Convergence of Roots at Infinity

[Adgorn]

Homework Statement

Hi everyone, I'm currently making my way through Spivak's calculus and got stuck in question 41 of chapter 5. It's important to note that at this point, the book has only reached the subject of limits (haven't reached continuous functions, derivatives, integrals, series etc.).

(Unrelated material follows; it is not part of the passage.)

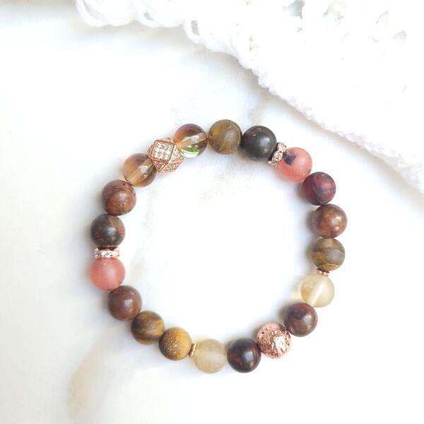 Őszi hangulatú LUXURY medálos ásványkarkötő. Egyedi tervezésű rózsaopál, tigrisszem, aura füstkvarc, jáspis és rosegold színre fújt lávakő ásványokból készült, rosegold mikrokristály medállal és díszítéssel.
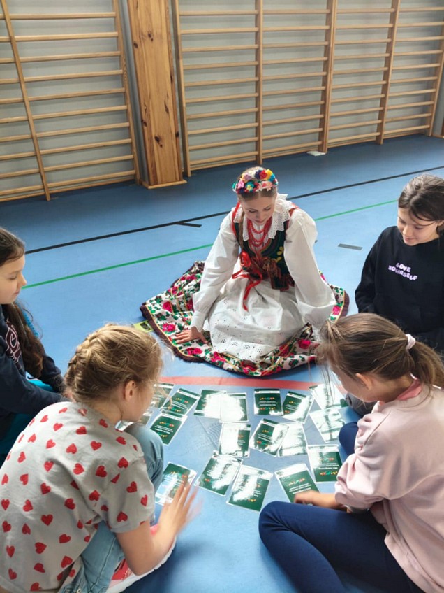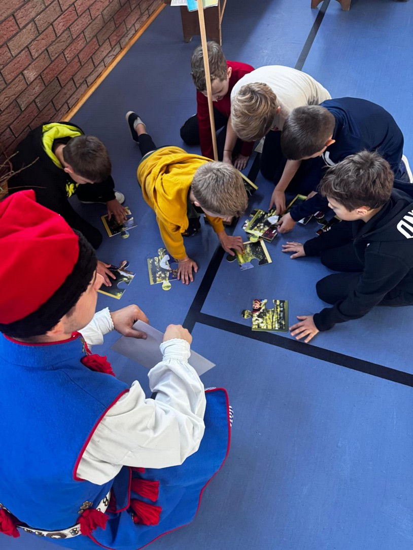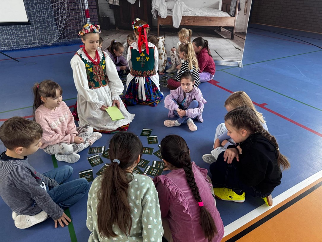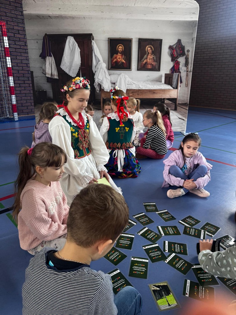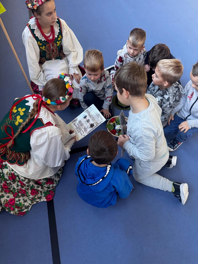 W poniedziałek 13.10.2025r. w naszej szkole odbyły się bardzo ciekawe zajęcia w ramach Edukacji kulturalnej Zakliczyńskiego Centrum Kultury w placówkach oświatowych. Ministerstwo Edukacji Narodowej przyznało grant dla Zakliczyńskiego Centrum Kultury na realizację projektu z zakresu edukacji kulturalnej adresowanej do dzieci i młodzieży szkół podstawowych. Projekt jest realizowany pod nazwą „Kultura ludowa wśród nas – Krakowiacy Wschodni”. Zajęcia przeprowadziła autorka i koordynatorka projektu Ewelina Siepiela wraz z młodzieżą należącą do Zespołu Folklorystycznego „Gwoździec”.

a) For $c>1$, show that $c^{\frac 1 n}=\sqrt[n] c$ approaches 1 as $n$ becomes very large.
b) More generally, if $c>0$, then $c^{\frac 1 n}$ approaches 1 as $n$ becomes very large.

Homework Equations

Bernoulli inequality: $(1+h)^n≥1+nh$ for $h>-1$

The Attempt at a Solution

I managed to solve a): Since $c>1$, $c^{\frac 1 n}>1$. So suppose $c^{\frac 1 n}-1>\epsilon$, in other words $c>(1+\epsilon)^n≥1+n\epsilon$, this means that $n<\frac {c-1} \epsilon$. Thus, for $n≥\frac {c-1} \epsilon$, $1<c^{\frac 1 n}<\epsilon$. This solution is the same in the answer book.

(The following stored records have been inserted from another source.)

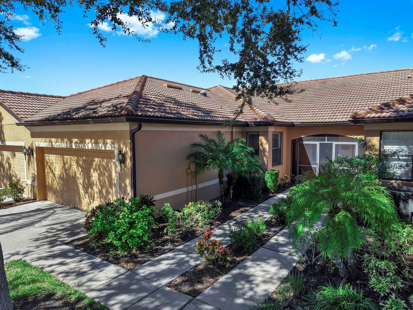 Welcome to Southshore Falls, a premier 55+ Del Webb gated community offering resort-style living in beautiful Apollo Beach! This charming Front Entry 2-bedroom, 2-bath Villa with a den/study (optional 3rd bedroom) provides comfort, privacy, and an ideal open layout for both relaxing and entertaining. The home features no carpet tile and wood flooring throughout, with newly updated ceramic tile in the bedrooms and den. The split floor plan ensures privacy, while the open concept kitchen, dining, and great room seamlessly connect to the screened-in lanai, creating the perfect indoor/outdoor Florida lifestyle. The spacious eat-in kitchen offers abundant cabinets, counter space, and a brand-new stainless steel deep farm sink with a commercial faucet ideal for any home chef. The garage includes built-in cabinets, a utility sink, and a freshly painted floor for easy maintenance and organization. A water softener system is also included. Furniture is negotiable, and the seller will provide a fresh interior paint color of your choice prior to move-in, a rare bonus! Southshore Falls residents enjoy 24-hour gated security and an impressive 14,000 sq. ft. clubhouse with multiple pools, fitness center, pickleball, tennis, bocce, internet café, walking trails, and social clubs galore. This home is walking distance to one of the community pools and the lagoon dock, perfect for enjoying peaceful Florida evenings outdoors. Live the lifestyle you've always dreamed of in this vibrant, active adult community close to shopping, dining, and Tampa Bay & Sarasota attractions, including the country's most beautiful Beaches!
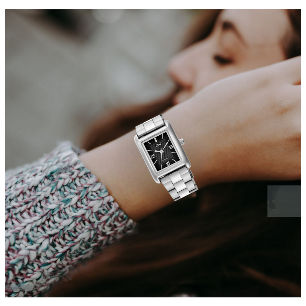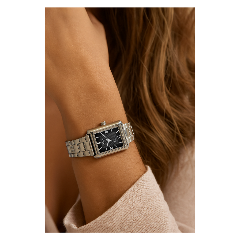 Diseñado para mujeres que aprecian la belleza en los detalles, este reloj combina a la perfección la sofisticación del acero inoxidable con un diseño atemporal. Su caja rectangular aporta un aire moderno y refinado, mientras que la carátula negra con delicado patrón geométrico y números romanos en tono plateado realza la elegancia en cada mirada.
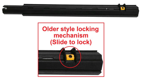 The extension tubes are plastic rods that can be inserted separately or together to add length to the hose. Brushes can be attached to the end of the extension tube and locked into place with the locking latches. (For OLDER KleenJet® steam cleaners with a slide-to-lock mechanism for the attachments)
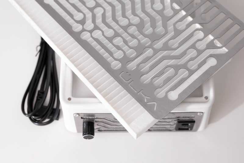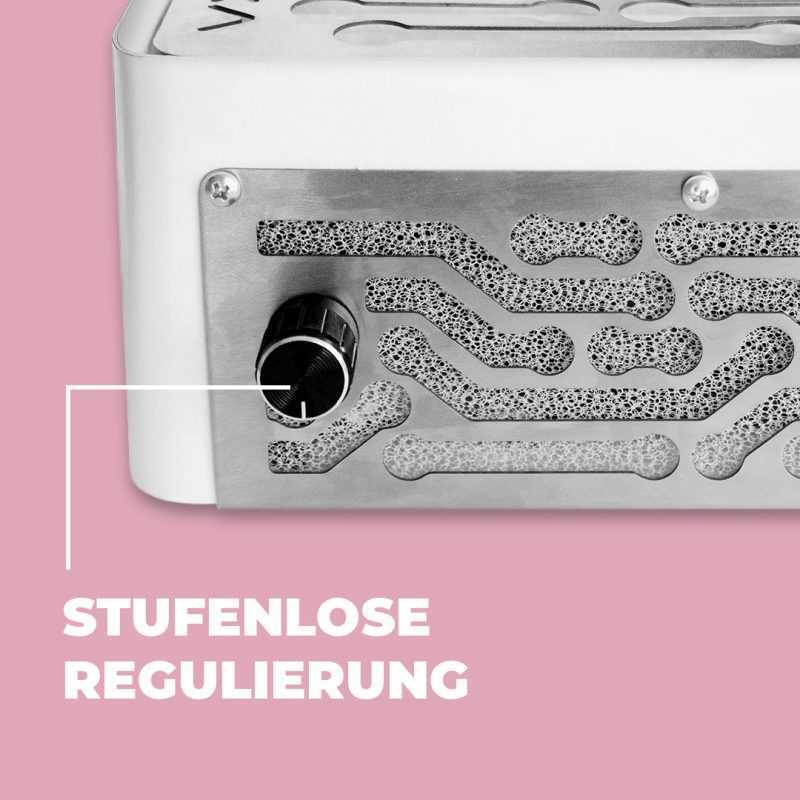 Mit dem Drehknopf der Staubabsaugung ÜLKA – Nano kannst du die Saugleistung präzise und stufenlos an deinen Arbeitsschritt anpassen. Eine niedrige Stufe für die Maniküre oder volle Power für grobe Feilarbeiten.
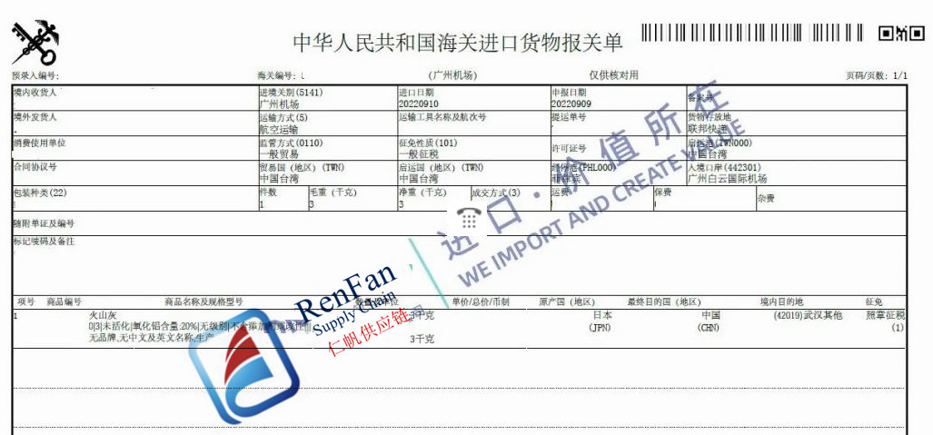 Volcanic ash refers to rubbles and mineral particles smaller than 2 mm in diameter from volcanic eruptions. In explosive volcanic activities, solid rocks and molten lava are broken down into fine particles and form volcanic ash. It has pozzolanic activity, that is, it can react with lime (CaO) at room temperature and in the presence of water to form hydrates with hydraulic gelling ability. Therefore, it can be used as a cement admixture and a concrete admixture after being ground. RenFan’s Guangzhou customs agent team recently helped import a shipment with volcanic ash from Japan. The HS code for volcanic ash is 2530909999, with 3% import duty (currently, there is a zero temporary rate) and 13% value added tax. The customs clearance was done at Guangzhou airport by RenFan Guangzhou team.
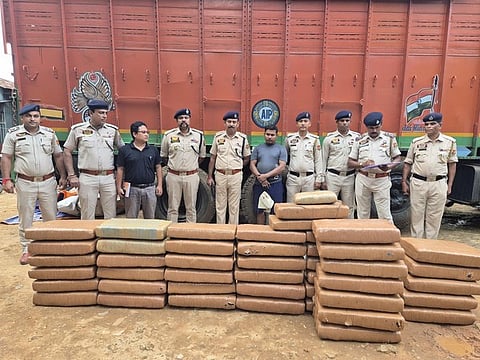 SP West Tripura said that 45 packets of cannabis, weighing approximately 355 kilogrammes, were seized. The haul is valued at around Rs 7 million. The truck driver, identified as Mithun Karmakar (35) from Ramnagar, was immediately taken into custody.
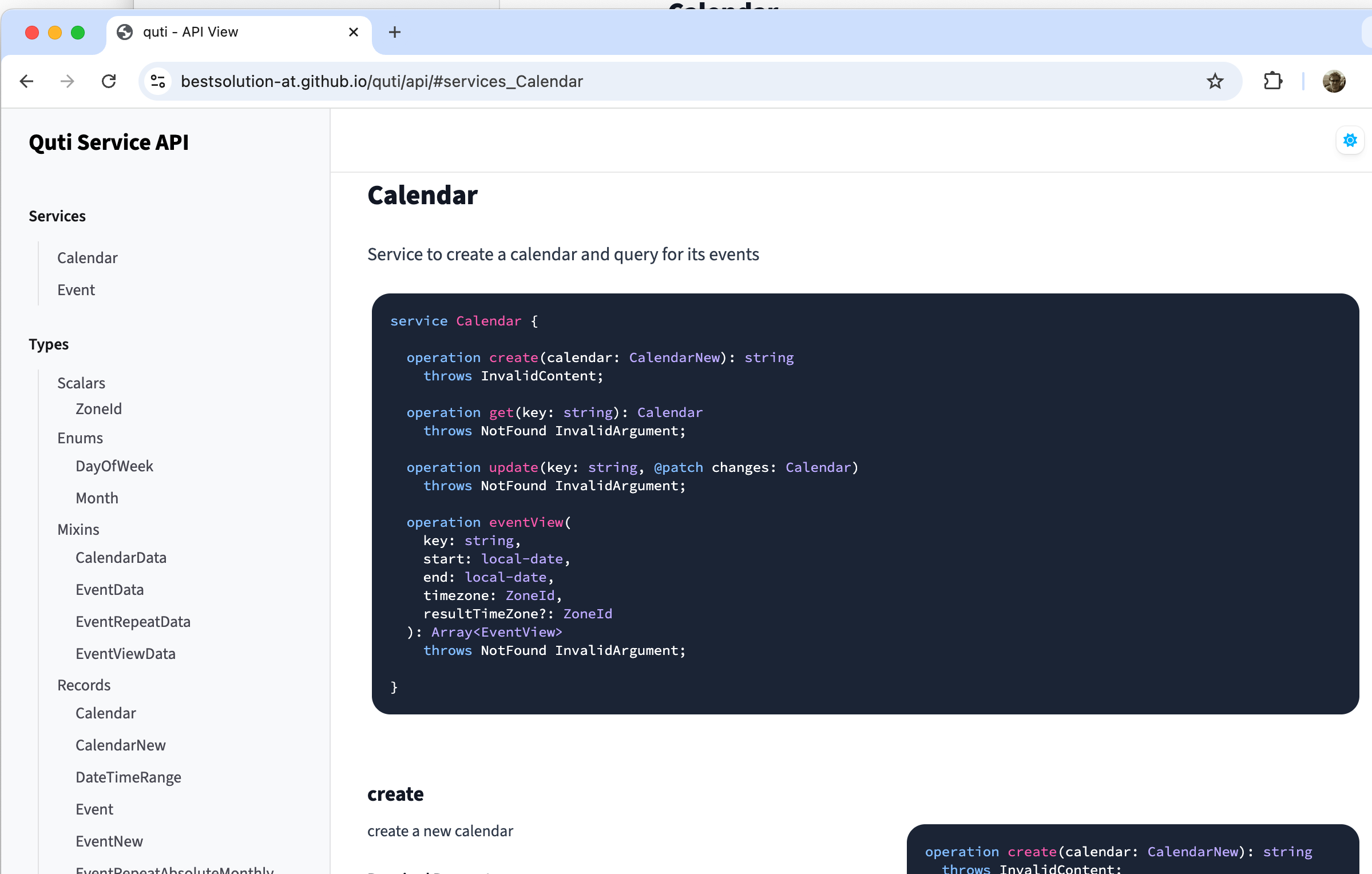 We released 0.0.3 of our Documentation Viewer Webcomponent. You can see it in action at https://bestsolution-at.github.io/quti/api/#services_Calendar

I got stuck in b) (the answer book does not contain a solution for it, neither does the end of the study book). The case is trivial for $c=1$, so all that's really left to prove is the case for $0<c<1$, which I can't seem to manage. Since $c^{\frac 1 n}<1$, I need to prove $1-c^{\frac 1 n}<\epsilon$. Trying to same method as in a), if $1-c^{\frac 1 n}>\epsilon$, then $c<(1-\epsilon)^n$. This time, the Bernoulli inequality is of little use, assuming $\epsilon<1$, all it gives it $(1-\epsilon)^n≥1-n\epsilon$, and I can't really do anything with that.

Next I tried reverse engineering, if $1-c^{\frac 1 n}<\epsilon$, then $c>(1-\epsilon)^n≥1-n\epsilon$ (assuming $\epsilon<1$), and so $n>\frac {1-c} \epsilon$. But I can't prove the opposite way (which is what I need), since assuming $n>\frac {1-c} \epsilon$ only gives $c>1-n\epsilon$, and I can't really do anything with it.

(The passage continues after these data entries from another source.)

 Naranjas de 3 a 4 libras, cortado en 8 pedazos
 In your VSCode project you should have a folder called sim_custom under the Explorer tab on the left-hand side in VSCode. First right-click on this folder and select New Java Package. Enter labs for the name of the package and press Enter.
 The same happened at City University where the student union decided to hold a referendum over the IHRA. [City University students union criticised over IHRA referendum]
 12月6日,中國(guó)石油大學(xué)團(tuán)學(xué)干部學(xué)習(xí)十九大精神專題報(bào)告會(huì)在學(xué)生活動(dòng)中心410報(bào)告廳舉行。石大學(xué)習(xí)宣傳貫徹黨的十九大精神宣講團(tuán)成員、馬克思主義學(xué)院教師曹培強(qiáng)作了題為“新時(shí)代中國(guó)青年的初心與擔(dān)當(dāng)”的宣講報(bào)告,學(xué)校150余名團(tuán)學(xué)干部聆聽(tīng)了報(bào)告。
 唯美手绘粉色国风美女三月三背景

So yeah, I seem to be missing something and help would be appreciated.

 

[Orodruin]

What is $(1/c)^n$ if $0<c<1$?

 

[Adgorn]

What is $(1/c)^n$ if $0<c<1$?

When $n$ grows very large it approaches infinity, but I don't seem to be able to incorporate that into the solution. The comment gave me the idea to replace the $c>1$ in the proof of a) with $\frac 1 c>1$ so that $0<c<1$, but I reached the same dead end where I can only say how small $n$ is if I assume $\epsilon<1$...

 

[pasmith]

Has Spivak proven basic results about limits of sums, products and quotients of sequences at this point? If so, you should be able to establish the following proposition:

If $a_n$ is a sequence such that $\lim_{n \to \infty} a_n = 1$ then $$\lim_{n \to \infty} \frac 1{a_n} = 1.$$

 

[Orodruin]

When $n$ grows very large it approaches infinity, but I don't seem to be able to incorporate that into the solution. The comment gave me the idea to replace the $c>1$ in the proof of a) with $\frac 1 c>1$ so that $0<c<1$, but I reached the same dead end where I can only say how small $n$ is if I assume $\epsilon<1$...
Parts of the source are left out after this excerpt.